Sergei Volodin. Swiss Federal Institute of Technology in Lausanne (EPFL)

Course project for Theory and Methods of Reinforcement Learning, EE-618 at EPFL


We consider CPO, sDQN, PPPO and a random agent. See our report for more details

How to run experiments

Tested on Ubuntu 16.04.5 LTS with 12 CPU, 60GB of RAM and 2x GPU NVidia GeForce 1080.

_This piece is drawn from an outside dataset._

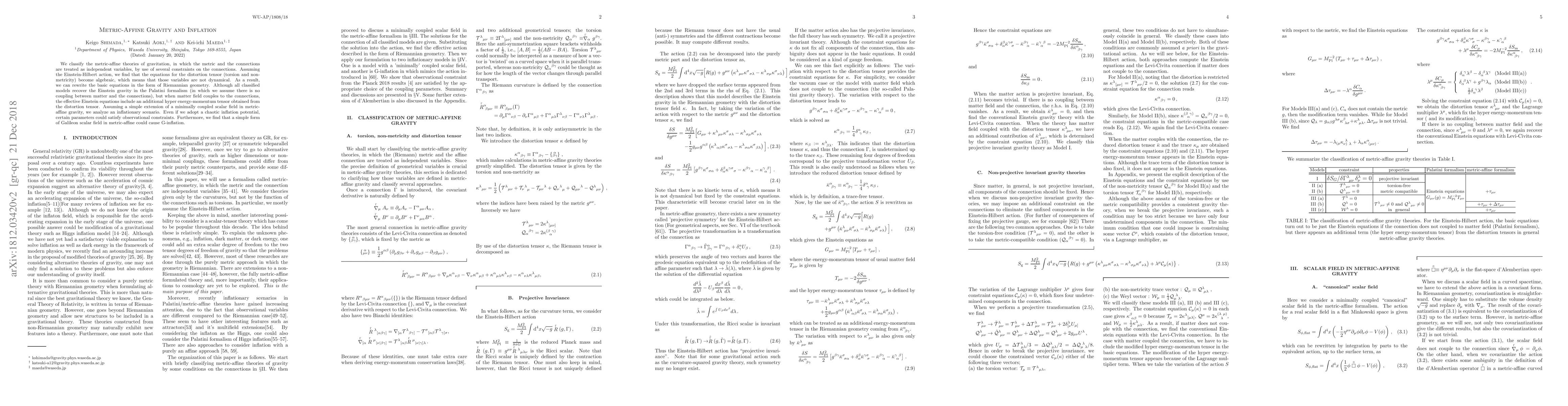This paper classifies metric-affine gravity theories, showing that the distortion tensor is algebraic and non-dynamical, allowing reformulation in Riemannian geometry. It demonstrates how coupling matter fields to connections modifies Einstein equations, introducing a hyper energy-momentum tensor. An inflationary scenario based on a scalar field extension shows potential compatibility with observational constraints and explores G-inflation via a Galileon scalar field.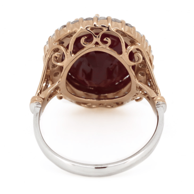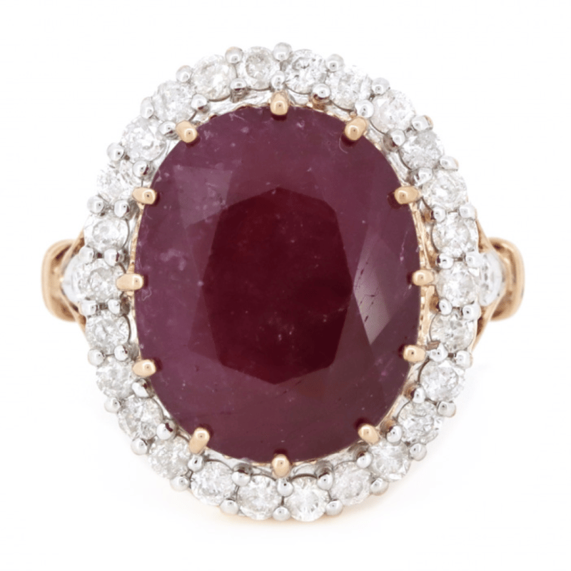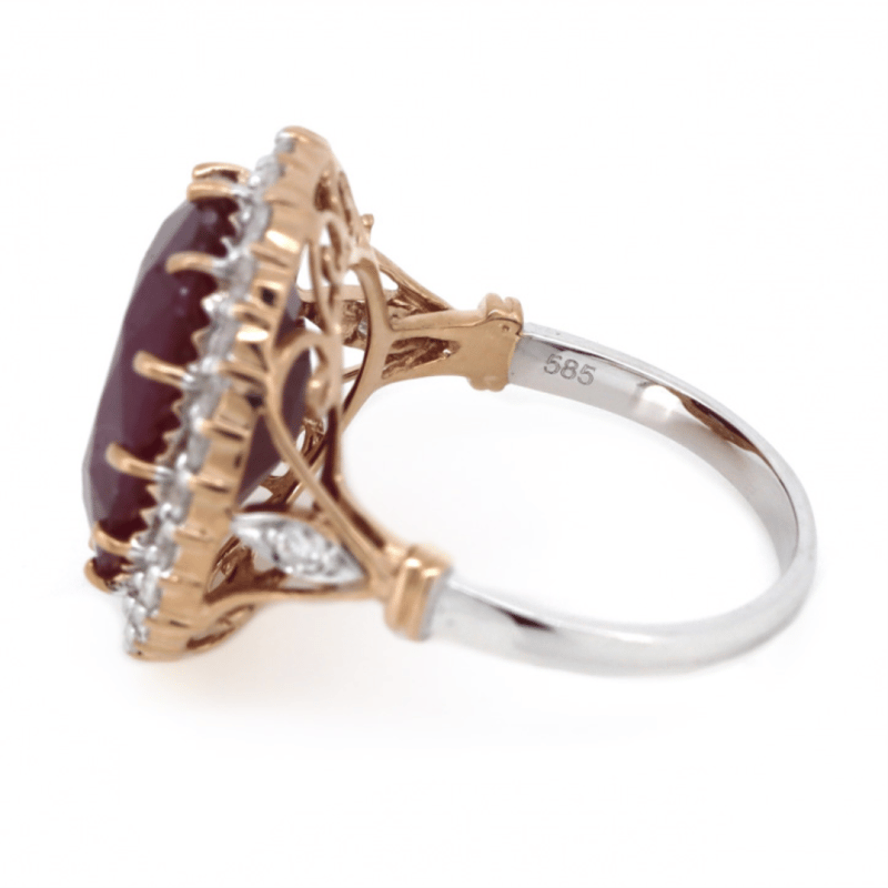 14K WHITE/ROSE GOLD, 10.34CT RUBY AND DIAMOND, HALO RING.

  1. Install Anaconda (Python 3.7 option)
  2. Clone/download: git clone https://github.com/sergeivolodin/SafeContinuousStateRL.git; cd SafeContinuousStateRL
  3. Install requirements: conda env create -f environment.yml
  4. Run all settings by calling run_all.sh
  5. It will produce output/*.output files and output/figures/*.pdf files, as well as will output run information to run_*.txt
  6. Run the analyze_run.ipynb notebook to produce figures

Project structure

  1. experiment.py is the main file containing one experiment (loading agent, training, computing metrics)
  2. saferl.py defines a ConstrainedEnvironment and the ConstrainedAgent abstract classes as well as helpers and the function to create a safe environment make_safe_env
  3. sppo.py implements Projected Proximal Policy Optimization
  4. baselines.py implements CPO and a random agent
  5. cartpole_safety_sdqn.ipynb is the (non-working) implementation of sDQN
  6. config.py contains the parameters of the experiment
  7. helpers.py contains the functions for run analysis
  8. tf_helpers.py contains some helper functions using TensorFlow
  9. costs.py implements costs for environments
  10. cartpole_safety_a2c.ipynb implements an (unsafe) A2C
  11. tfshow.py embeds a TF graph into a Jupyter notebook, from StackOverflow
  12. create_run.py creates the .sh script from config.py
  13. analyze_run.ipynb analyzes output produced by training (the .sh script) and writes output to run_*.txt and figures to output/figures
  14. output/*.sh files consist of many lines of the form python ../experiment.py --param1 v1 --param2 v2 ..., running at most 16 processes in total (8 per GPU)
  15. output/*.output files contain outputs of experiment.py (one run corresponds to one file)
  16. output/figures contains generated figures
  17. run_setting.sh runs a particular setting (create + .sh + analyze) and writes data to a file
  18. run_all.sh runs all settings
  19. Other files are not used